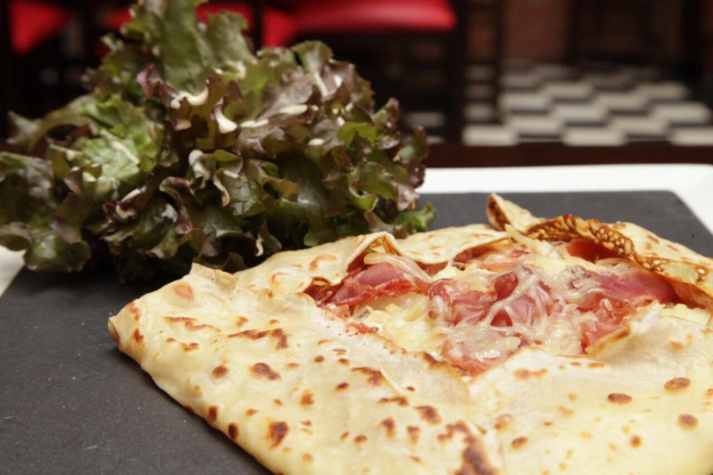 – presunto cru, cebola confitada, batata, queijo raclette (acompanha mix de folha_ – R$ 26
···
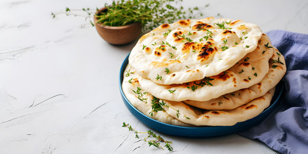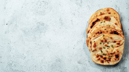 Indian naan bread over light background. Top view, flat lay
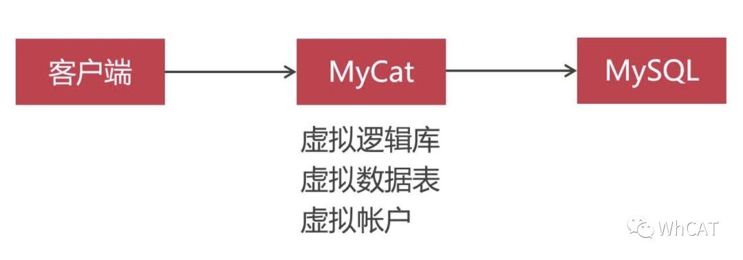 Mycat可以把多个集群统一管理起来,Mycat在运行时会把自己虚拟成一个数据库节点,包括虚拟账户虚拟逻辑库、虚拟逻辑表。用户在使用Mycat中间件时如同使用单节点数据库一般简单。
···
Problem: With the pictures omitted, copy exactly the lines of the listing above starting at the line containing "Indian naan bread" and ending at the line containing "Mycat可以把多个集群统一", both included.

Problem solution:
 Indian naan bread over light background. Top view, flat lay
 Mycat可以把多个集群统一管理起来,Mycat在运行时会把自己虚拟成一个数据库节点,包括虚拟账户虚拟逻辑库、虚拟逻辑表。用户在使用Mycat中间件时如同使用单节点数据库一般简单。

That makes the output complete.